We see PowerPoint being used and abused in different situations. Each has a different goal, audience expectation, timing and format. When PowerPoint is used well, it’s because the author or presenter has thought about the situation, and (to steal a Tim Gunn phrase) “made it work.” When it’s abused, it’s largely because the presenter hasn’t thought about the audience or the context and is using a one-size fits all, Swiss Army knife approach.

Flip Deck

Types of Deck_FLIP DECK

This is the deck that you see on websites like Slide Share and Note and Point. The deck without a presenter. It carries your message without you. To work well, it needs to be designed that way. Imagine someone flipping through a magazine, scanning the headlines. To be viral, the content needs to be great, AND it has to visually tell a story. Used wisely, decks can be a key piece of your content marketing strategy.

Walking Around Deck


Ever had a brilliant idea, but you couldn’t gain traction? A point of view to share, but no takers? The walking around deck is how you get buy-in to your brilliant idea. A deck that you carry in your bag (or on your iPad) that contains the kernels of your ideas simply, and visually explained. When you see someone that you want to gain buy-in from, pull the deck out and walk them through it.
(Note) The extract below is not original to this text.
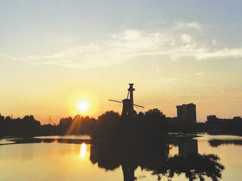 夕陽下的荷蘭風(fēng)車。
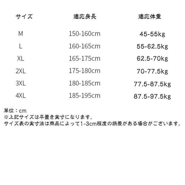 | サイズ | M L XL 2XL 3XL 4XL |

Get their input, adjust your idea (that’s critical, it’s how it becomes a shared idea). Rinse and repeat.

Report Deck

Types of Deck_REPORT DECK

This is the deck that shouldn’t be presented. It’s the modern day equivalent of a white paper. You will see great examples of these at Change This. Report Decks are manifestos created in PowerPoint and meant to be read. They look fancy, you can pack them with visuals and charts, and as long as you’re reading them, they’re great. When you start presenting from them, you’ll start apologizing (“this is a little difficult to read in the back.”)

Pitch Deck

Types of Deck_PITCH DECK

The deck to arm your sales-force with. In the right hands, it’s an artful conversation, a blend of what you do and the story of your brand. Most importantly, it starts a dialogue with your customer. A conversation where you do half (or less) of the talking. It has all the right markers to tee up insights and provocative questions that get them talking about them, allowing you to paint yourself into that picture.

Training Deck


Ever snoozed through a day of training you didn’t need? Bombarded with information on product features, functions and selling points? Wouldn’t you rather learn? If a presenter (or trainer) has their training deck together and it’s oriented to learning, they avoid presenting a confusing collection of topics, especially those that can be found in a company manual. It’s entertaining, informative, simple to grasp, and above all, puts things in the audience’s context.

Board Deck

Types of Deck_BOARD DECK

The PowerPoint deck that’s used to manage and report on the state of your business. It’s a mix of strategy, data, results, and any initiatives you’re taking. Typically you’re presenting this to your boss, your bosses’s boss, or a board. They want to know if the business is in safe hands. They want to know what the current state is. They want to hear any alarm bells that should be raised. They want to know the future of the business. This is the deck to do it.

Keynote Deck

Types of Deck_KEYNOTE DECK

This is your time to shine, with an audience of three hundred colleagues and influencers in your industry. You’re the main conference speaker, and it’s time to put your business on stage. You’re aiming for a wow, and it’s not just the fresh perspective and your snappy speaking style that will do it. A blend of entertainment, insight and visual bravura from you and your deck will carry the day.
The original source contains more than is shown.